These assertions having been severally made, by the former of which it was insinuated that the African, unhappy in his own country, found in the middle passage, under the care of the merchants, little less than an Elysian retreat, it was now proper to institute a severe inquiry into the truth of them. Mr. Pitt, Sir Charles Middleton, Mr. William Smith, and Mr. Beaufoy, took a conspicuous part on this occasion, but particularly the two latter, to whom much praise was due for the constant attention they bestowed upon this subject. Question after question was put by these to the witnesses; and from their own mouths they dragged out, by means of a cross-examination as severe as could be well instituted, the following melancholy account:
Every slave, whatever his size might be, was found to have only five feet and six inches in length, and sixteen inches in breadth, to lie in. The floor was covered with bodies stowed or packed according to this allowance. But between the floor and the deck or ceiling were often platforms or broad shelves in the mid-way, which were covered with bodies also. The height from the floor to the cieling, within which space the bodies on the floor and those on the platforms lay, seldom exceeded five feet eight inches, and in some cases it did not exceed four feet.
The men were chained two and two together by their hands and feet, and were chained also by means of ring-bolts, which were fastened to the deck. They were confined in this manner at least all the time they remained upon the Coast, which was from six weeks to six months as it might happen.
Their allowance consisted of one pint of water a day to each person, and they were fed twice a day with yams and horse-beans.
After meals they jumped up in their irons for exercise. This was so necessary for their health, that they were whipped if they refused to do it. And this jumping had been termed dancing.

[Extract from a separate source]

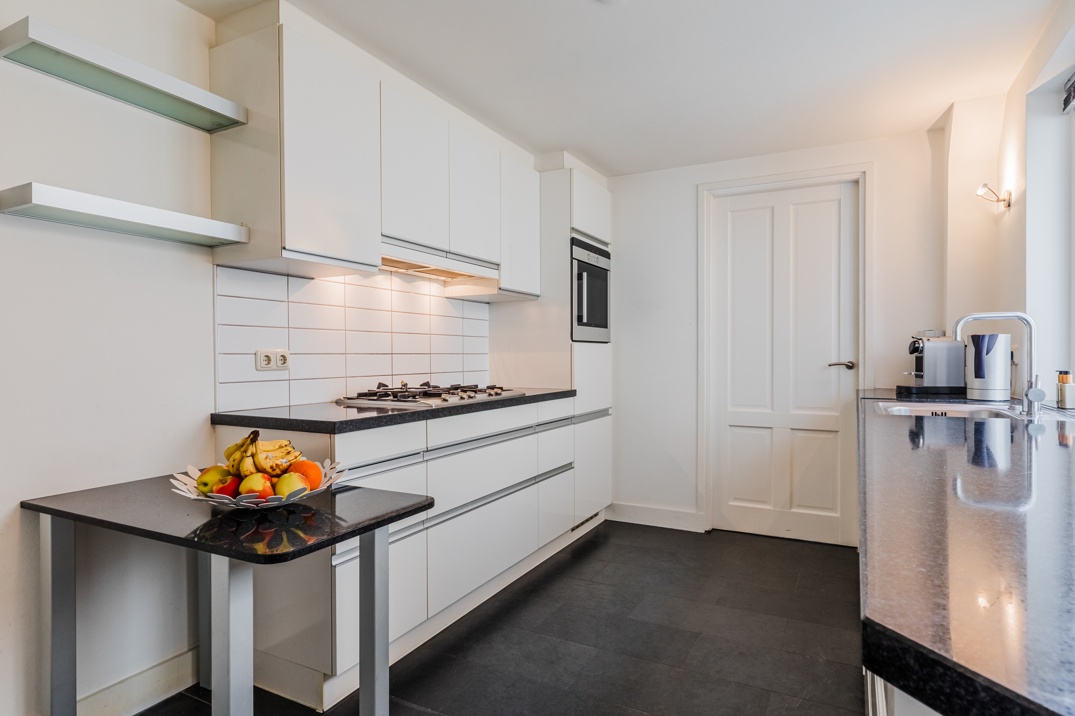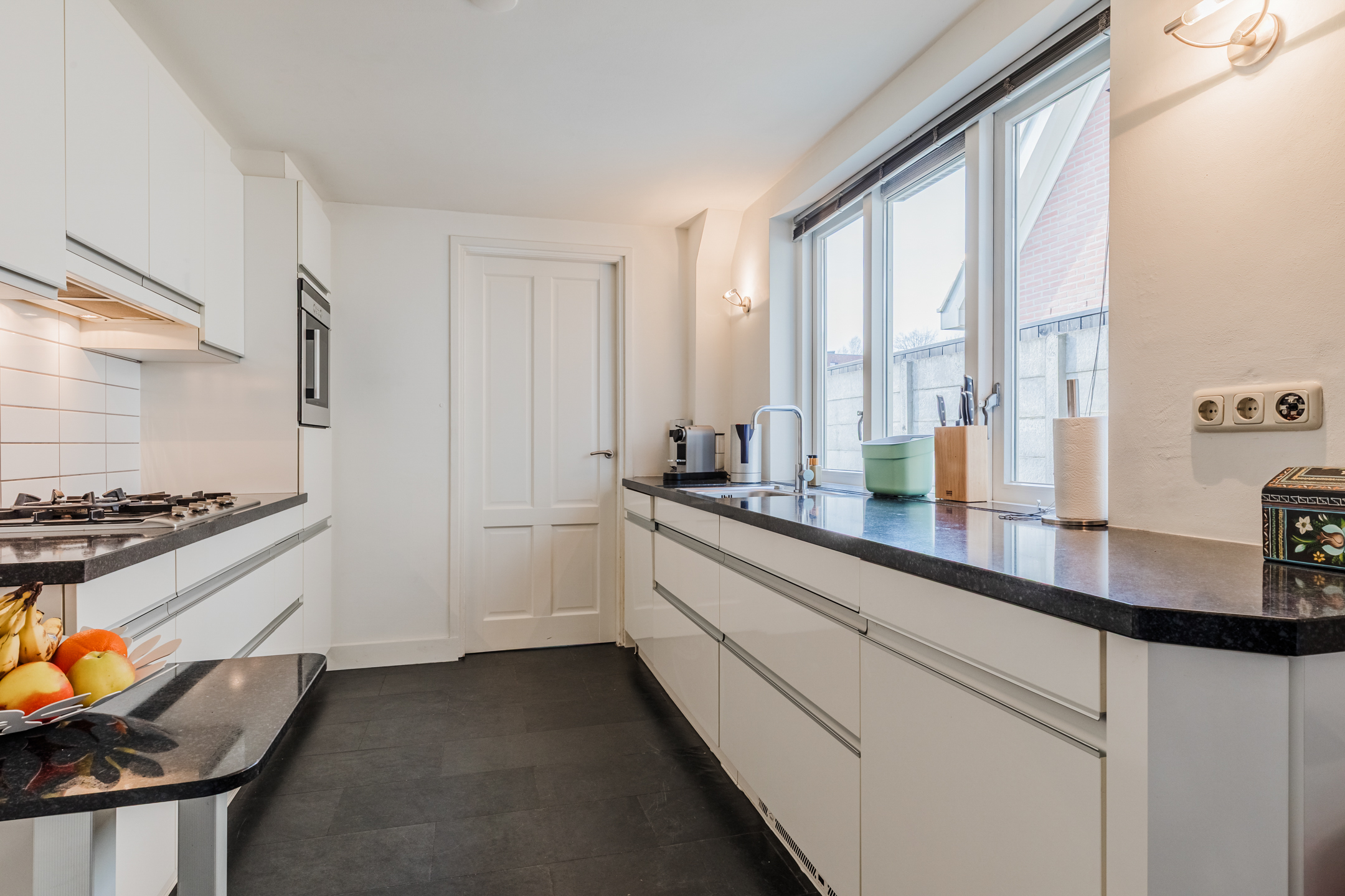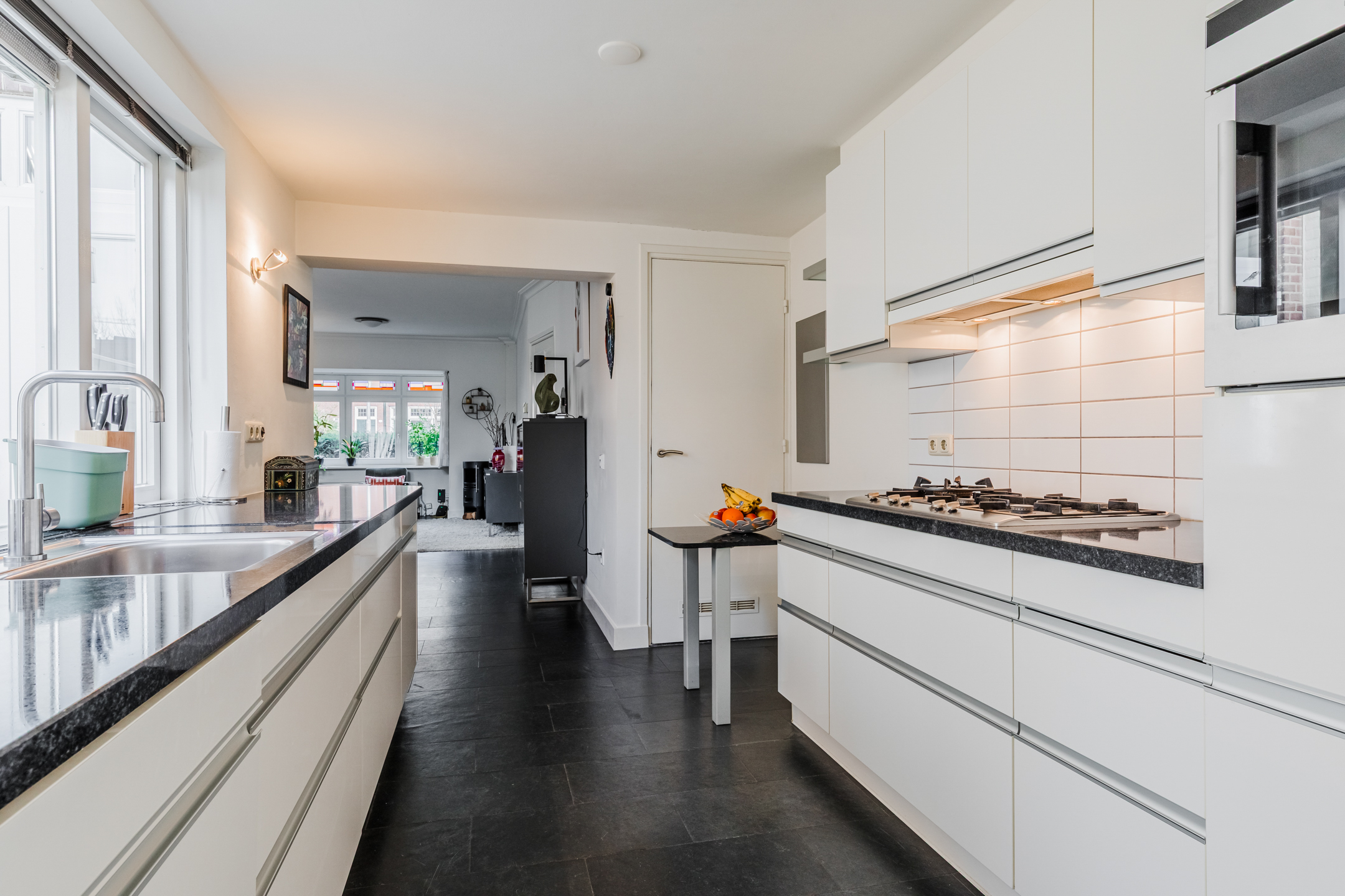 Keuken: Aan de achterzijde van de woning bevindt zich de mooie keuken in parallel opstelling, voorzien van granieten werkblad , koelkast, oven, vaatwasser, afzuigunit en 5 pits gaskookplaat met wokbrander. Achter de keuken is de toegang naar de bijkeuken, ingebouwde Cv ketel en aansluiting wasmachine en droger, toilet en de achterdeur. De tuin is ook bereikbaar via de openslaande tuindeuren.

They were usually fifteen and sixteen hours below deck out of the twenty-four. In rainy weather they could not be brought up for two or three days together. If the ship was full, their situation was then distressing. They sometimes drew their breath with anxious and laborious efforts, and some died of suffocation.
With respect to their health in these voyages, the mortality, where the African constitution was the strongest, or on the windward coast, was only about five in a hundred. In thirty-five voyages, an account of which was produced, about six in a hundred was the average number lost. But this loss was still greater at Calabar and Bonny, which were the greatest markets for slaves. This loss, too, did not include those who died, either while the vessels were lying upon the Coast, or after their arrival in the West Indies, of the disorders which they had contracted upon the voyage. Three and four in a hundred had been known to die in this latter case.
But besides these facts, which were forced out of the witnesses by means of the cross-examination which took place, they were detected in various falsehoods.
They had asserted that the ships in this trade were peculiarly constructed, or differently from others, in order that they might carry a great number of persons with convenience; whereas Captain Parrey asserted that out of the twenty-six, which he had seen, ten only had been built expressly for this employ.
They had stated the average height between decks at about five feet and four inches. But Captain Parrey showed, that out of the nine he measured, the height in four of the smallest was only four feet eight inches, and the average height in all of them was but five feet two.
They had asserted that vessels under two hundred tons had no platforms. But by his account the four just mentioned were of this tonnage, and yet all of them had platforms either wholly or in part.
On other points they were found both to contradict themselves and one another. They had asserted, as before mentioned, that if they were restricted to less than two full-grown slaves to a ton, the trade would be ruined. But in examining into the particulars of nineteen vessels, which they produced themselves, five of them only had cargoes equal to the proportion which they stated to be necessary to the existence of the trade. The other fourteen carried a less number of slaves (and they might have taken more on board if they had pleased): so that the average number in the nineteen was but one man and four-fifths to a ton, or ten in a hundred below their lowest standard* . One again said, that no inconvenience arose in consequence of the narrow space allowed to each individual in these voyages. Another said, that smaller vessels were more healthy than larger, because, among other reasons, they had a less proportion of slaves as to number on board.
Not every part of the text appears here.